The FMA is clear that ethical investing disclosure could be better. Explanations of how investments are made, trade-offs between financial and ethical factors and even what “ethical” actually means are often lacking.
A particularly contentious area is understanding exactly how investments are “changing the world”. Fund managers, including KiwiSaver managers, adopt different approaches.
By far the most common strategy in New Zealand is exclusions. This can mean avoiding industries or activities from weapons to animal testing.

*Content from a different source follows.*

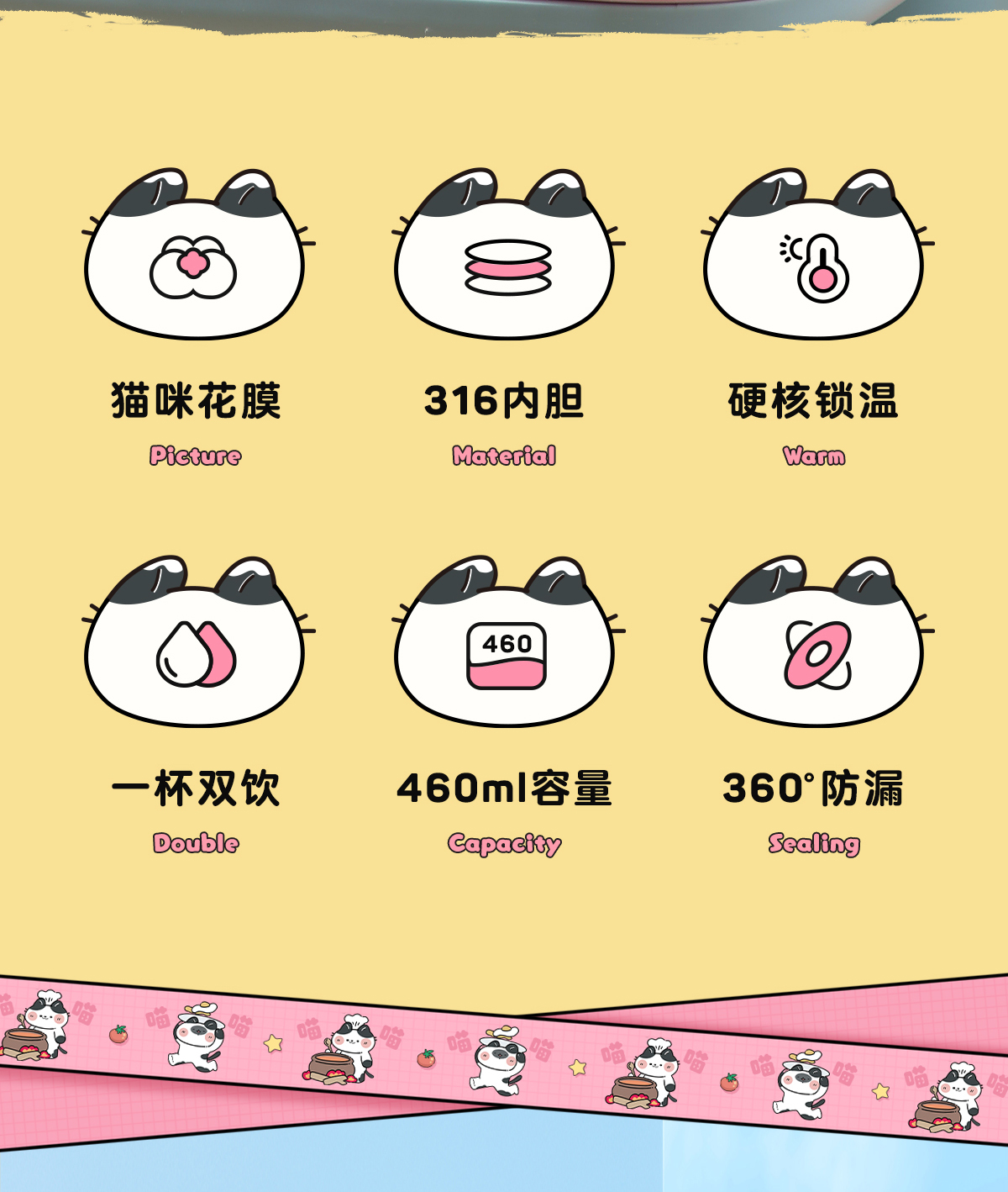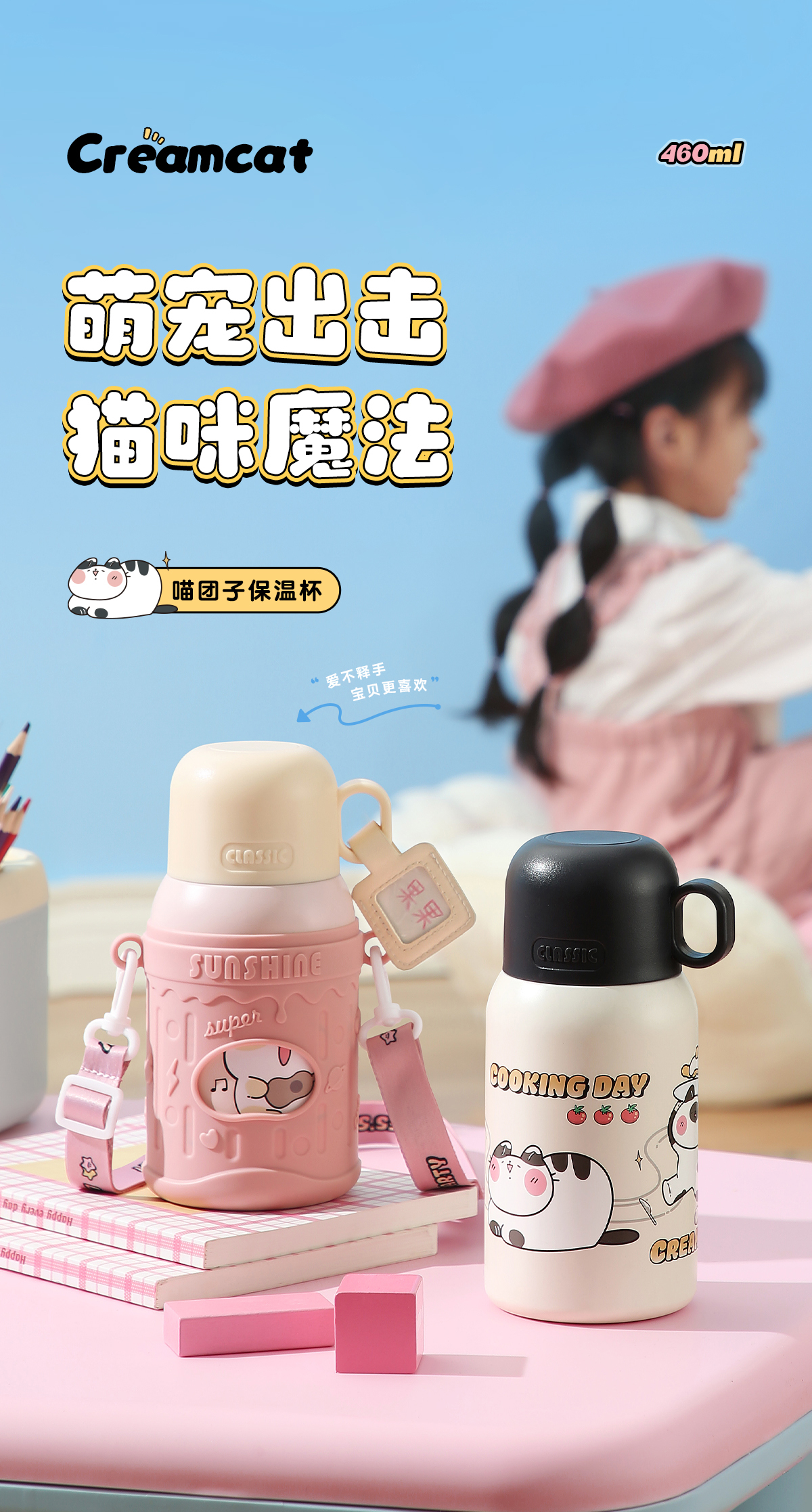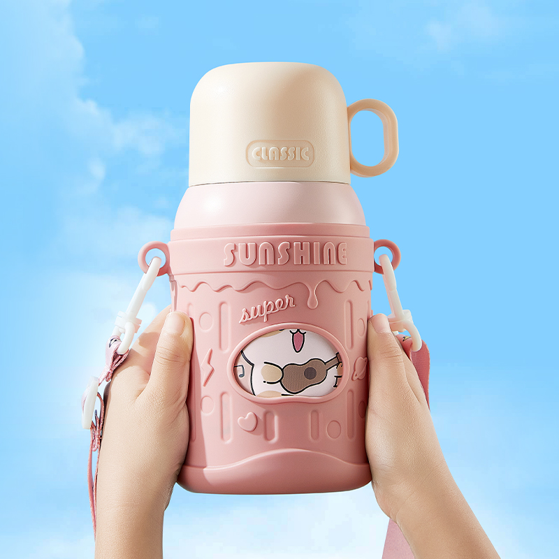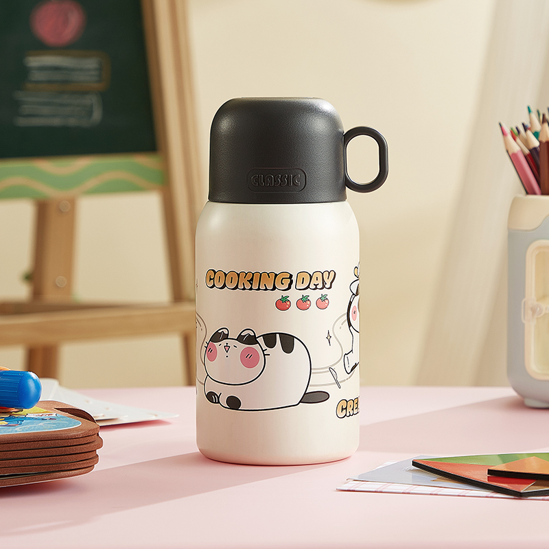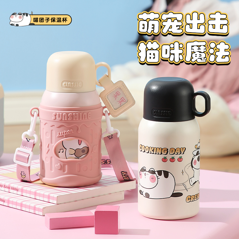 物生物喵团子儿童保温杯上学专用便携两用大容量可爱保温杯小学生

Unless large fund managers globally adopt exclusions, this avoidance strategy won’t necessarily change the world in a hurry. Avoiding harm does however help us sleep better at night.
If avoiding harm isn’t necessarily the answer, investing positively must be. I’m a fan of tilting towards sustainable investment themes like clean energy, energy efficiency and water.
Another reasonably common approach is called environmental, social and governance investing (ESG).
However, it’s becoming increasingly clear that while ESG helps you choose higher quality companies, it won’t necessarily change the world. ESG data is not an ethical overlay.
The next step is active ownership which means voting as a shareholder and engaging with companies to effect change.
One of the most startling examples in recent times was three directors with renewable energy experience being voted onto ExxonMobil’s board. Shareholders forced this change.
The final category is impact investing, widely regarded as the new frontier for ethical investing.
This generally involves investments that are not stock exchange listed, aiming to both make money for investors and provide measurable social or environmental benefits.
Examples include social housing, renewable energy and disruptive new environmentally friendly products.
We know many consumers want their money invested ethically, yet at the same time it can be hard or confusing getting the information they need.
The FMA’s on to the fact that there’s scope for marketing departments to get ahead of what an investment product actually delivers.
Consumers need financial services firms to be transparent around exactly why and how they invest ethically. This matters because we’re dealing with people’s savings, and because greenwashing is nothing but deception.
And actually we need change in the world around carbon emissions, environmental degradation and human rights. We might often feel individually powerless, but make no mistake, how we choose to invest really can bring change.